AI Policy Should Sound Like How People Actually Work
If your AI policy reads like it was assembled in a basement by committee, nobody will use it. Teams need plain rules for real work.
Operating Takeaway
AI policy should be practical enough for daily use and specific enough to guide data handling, approvals, tools, and risk.
Written for
Leaders who want AI adoption without data chaos or tool sprawl
The best AI policy is boringly usable. That is a compliment.
Make it usable
A policy nobody understands is not a control
AI policies often swing between two bad extremes. One says "do not use AI" and pretends curiosity will disappear. The other says "innovate responsibly" and gives teams no clue what that means on Tuesday afternoon.

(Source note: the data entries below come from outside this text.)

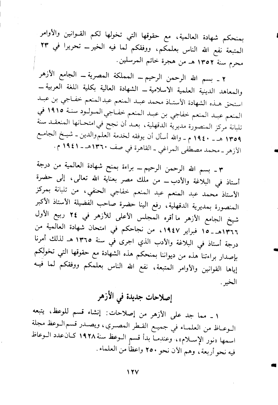 3 - بسم اللّه الرحمن الرحيم-براءة بمنح شهادة العالمية من درجة أستاذ في البلاغة والأدب-من ملك مصر بعناية اللّه تعالى، إلى حضرة الأستاذ محمد عبد المنعم عبد المنعم خفاجي الحنفي، من تلبانة بمركز المنصورة بمديرية الدقهلية، رفع الينا حضرة صاحب الفضيلة الأستاذ الأكبر شيخ الجامع الأزهر ما أقره المجلس الأعلى للأزهر في 24 ربيع الأول 1366 ه- 15 فبراير 1947، من نجاحكم في امتحان شهادة العالمية من درجة أستاذ في البلاغة والأدب الذي اجرى في سنة 1365 ه لذلك أمرنا بإصدار براءتنا هذه من ديواننا بمنحكم هذه الشهادة مع حقوقها التي تخولكم إياها القوانين والأوامر المتبعة، نفع اللّه الناس بعلمكم ووفقكم لما فيه الخير.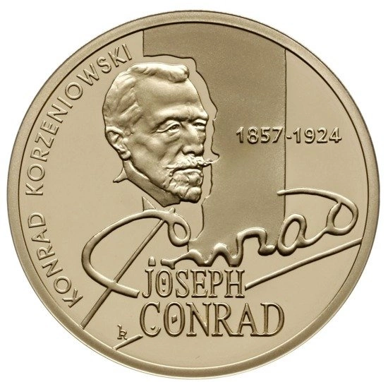 Złota moneta kolekcjonerska z wizerunkiem Konrada Korzeniowskiego pochodzi z Narodowego Banku Polskiego. Złoty walor posiada masę wynoszącą 15,50 gramów oraz próbę złota 900. Jej niezwykłość podkreśla lustrzane wykończenie oraz limitowany nakład, który wyniósł 8 200 sztuk. Całość wraz z certyfikatem autentyczności znajduję się w eleganckim etui.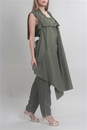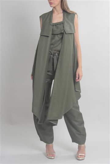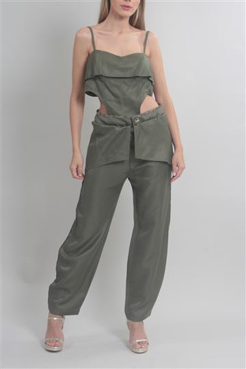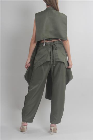 - Cintura alta com cós reto e pequeno cinto removível para melhor ajuste ao corpo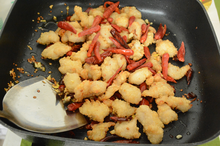 • 材料: 圣農鹽酥雞1包 干紅辣椒15個 大蒜瓣3個 生姜4片 腰果20個 花椒3茶匙 食用油2茶匙 步驟: 干紅辣椒切丁,蒜瓣、生姜切末 鹽酥雞炸好備用 將蒜蓉、姜末倒入中火油鍋煸香,然后放入辣椒丁、花椒 放入圣農鹽酥雞、腰果,翻炒片刻即可出鍋

A useful policy speaks in workflow terms. What tools are allowed? What data is off limits? What needs review? What outputs can be used internally? What cannot be sent to customers without approval? Who owns exceptions?
Risk map
Separate low-risk assistance from sensitive automation
Drafting an internal meeting summary is not the same as generating a customer commitment. Summarizing a public article is not the same as pasting client data into a third-party tool. Suggesting a ticket category is not the same as making an account change.

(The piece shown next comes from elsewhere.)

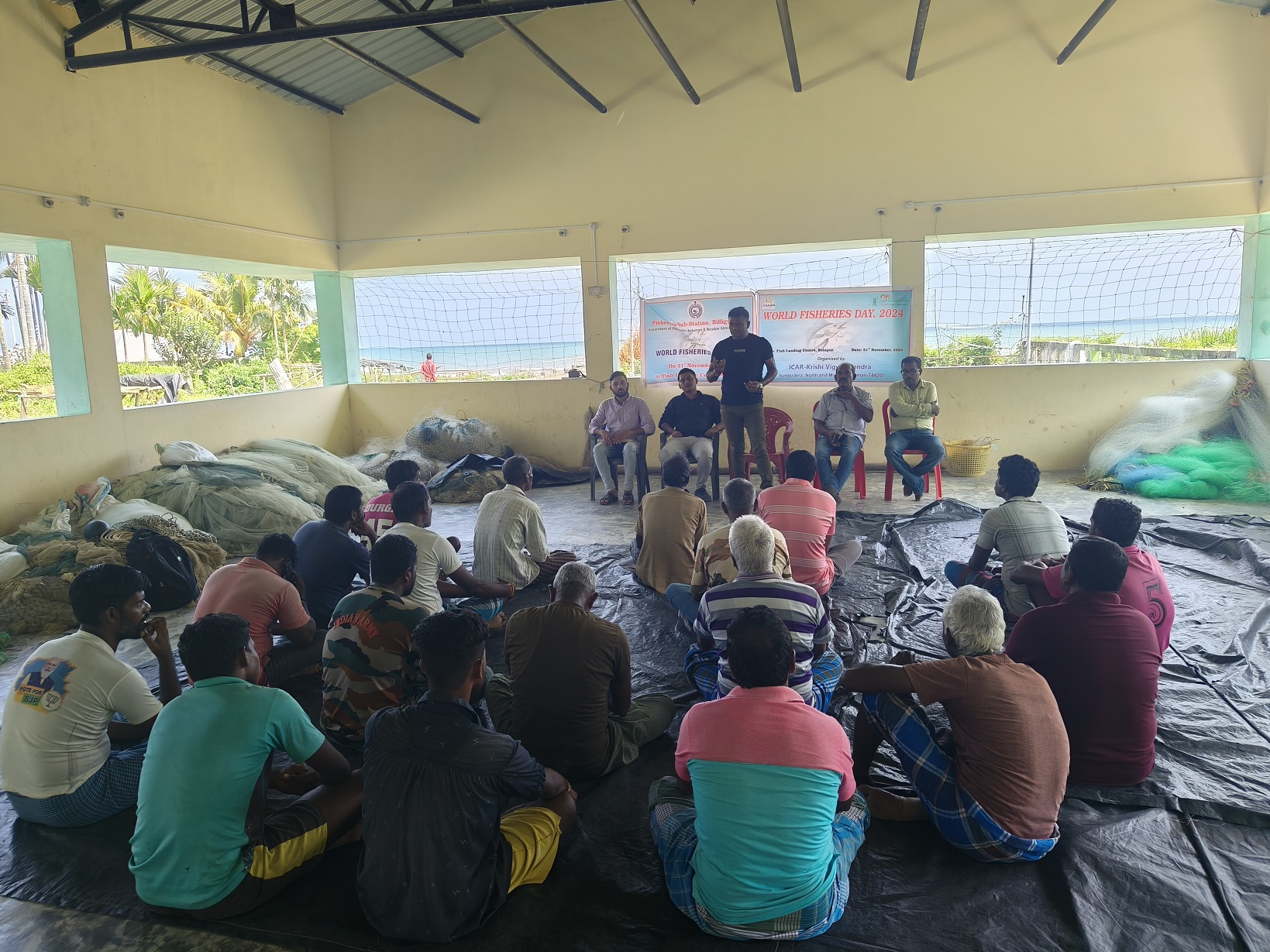 The ICAR-Krishi Vigyan Kendra (KVK), North & Middle Andaman, celebrated World Fisheries Day on November 21st, 2024, at the Fish Landing Centre, Betapur in collaboration with Department of Fisheries, Fisheries Substation, Billiground. The program focused on the critical importance of sustainable fisheries, conservation of aquatic ecosystems, and safeguarding the livelihoods of fishing communities. The program was inaugurated by Mr. Tapan Kumar Biswas, Assistant Director of Fisheries, North & Middle Andaman district. In his inaugural address, he emphasized the significance of World Fisheries Day in promoting sustainable fisheries and acknowledged the pivotal role of the fishing community in food security. He also encouraged the fishermen to utilize various schemes such as the Pradhan Mantri Matsya Sampada Yojana to improve their livelihoods and adopt sustainable practices, fostering long-term growth and resilience in the fisheries sector. Mr. Subam Debroy, SMS (Fisheries Science), emphasized the need for adopting eco-friendly fishing practices to curb the overexploitation of marine ecosystems and maintain ecological balance. He stressed the importance of adhering to appropriate mesh size regulations and observing fishing bans during the monsoon season to give fish the opportunity to breed at least once in their lifetime, ensuring the sustainability of marine resources. Furthermore, he highlighted the significance of prioritizing aquaculture as a sustainable and scalable solution to address the growing global demand for food while reducing pressure on natural fish stocks. Mr. Rakesh Dawar, SMS (Agronomy), emphasized the significance of World Fisheries Day in raising awareness about sustainable fisheries management. He urged fishermen to leverage resources and opportunities provided by the dedicated fisheries ministry to improve their livelihoods. Mr. Yatharth Sharma, SMS (Home Science), discussed the critical aspects of post-harvest processing and value addition in the fisheries sector. Earlier, Mr. Sanjib Kumar Sutradhar, Fisheries Inspector (Billiground substation) welcomed the participants and provided an overview of the program.The program was organized under the overall guidance of Dr .Eaknath B. Chakurkar, Director of ICAR-CIARI, Sri Vijayapuram. About 22Fisherman participated and benefited from the program.

NIST's AI RMF gives organizations a way to think about governance, mapping, measurement, and management. For a business policy, that becomes practical categories: allowed, allowed with caution, requires approval, and not allowed.
Public information and brainstorming
Internal drafts and summaries
Customer or client data
Confidential financial or legal information
Security logs and access data
Automated actions in business systems
Application security
AI tools need boundaries, not blind trust
OWASP's LLM application work calls attention to risks like prompt injection and sensitive information disclosure. Those are not just developer problems. They affect business use too, especially when AI tools can read documents, call APIs, search knowledge bases, or trigger actions.

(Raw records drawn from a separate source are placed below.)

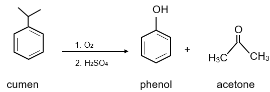 Trong công nghiệp phenol dược điều chế bằng cách: oxi hóa cumene (isoproylbenzene) nhờ oxygen trong không khí, sau đó thủy phân bằng dung dịch H2SO4 loãng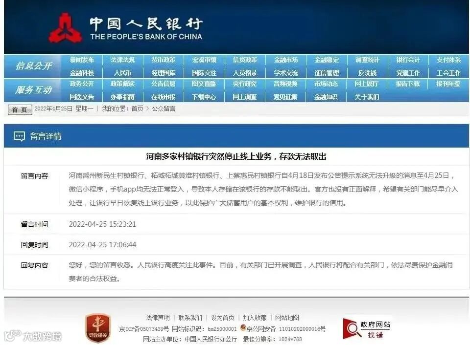 目前央行以及银保监会已经责令当地监管部门加快调查。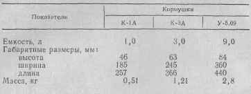 Кормушки К-1А и К-ЗА представляют собой емкости из белой жести четырехугольной формы вместимостью соответственно 1 и 3 л. Габариты кормушек позволяют устанавливать их в наиболее теплом месте улья - над рамками, что не вызывает излишнего беспокойства пчел.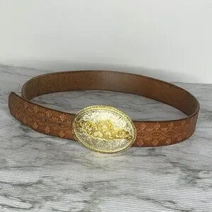 Beautiful Brown Floral Embossed Genuine Leather Belt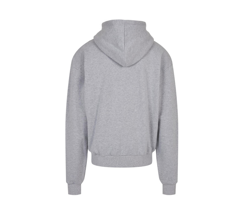 Großer Reißverschluss aus Metall. Dicke Rippstrickbündchen an Ärmeln und Taille. Klassische Kapuze, aber ohne Kordelzug. Kängurutaschen.

Policy should make tool access and human review clear. The more sensitive the data or action, the tighter the boundary.
Approved tools and review process for new tools.
Data classes that cannot be entered into AI systems.
Human approval for sensitive outputs or actions.
Logging and ownership for automated workflows.
House Vo Consulting angle
Policy should support real AI workflow design
House Vo Consulting helps businesses turn AI interest into practical workflows with controls. That means policy, data boundaries, review points, integrations, user roles, and support ownership show up before the demo gets too exciting.
The goal is not to make AI scary. The goal is to make useful AI boring enough to operate.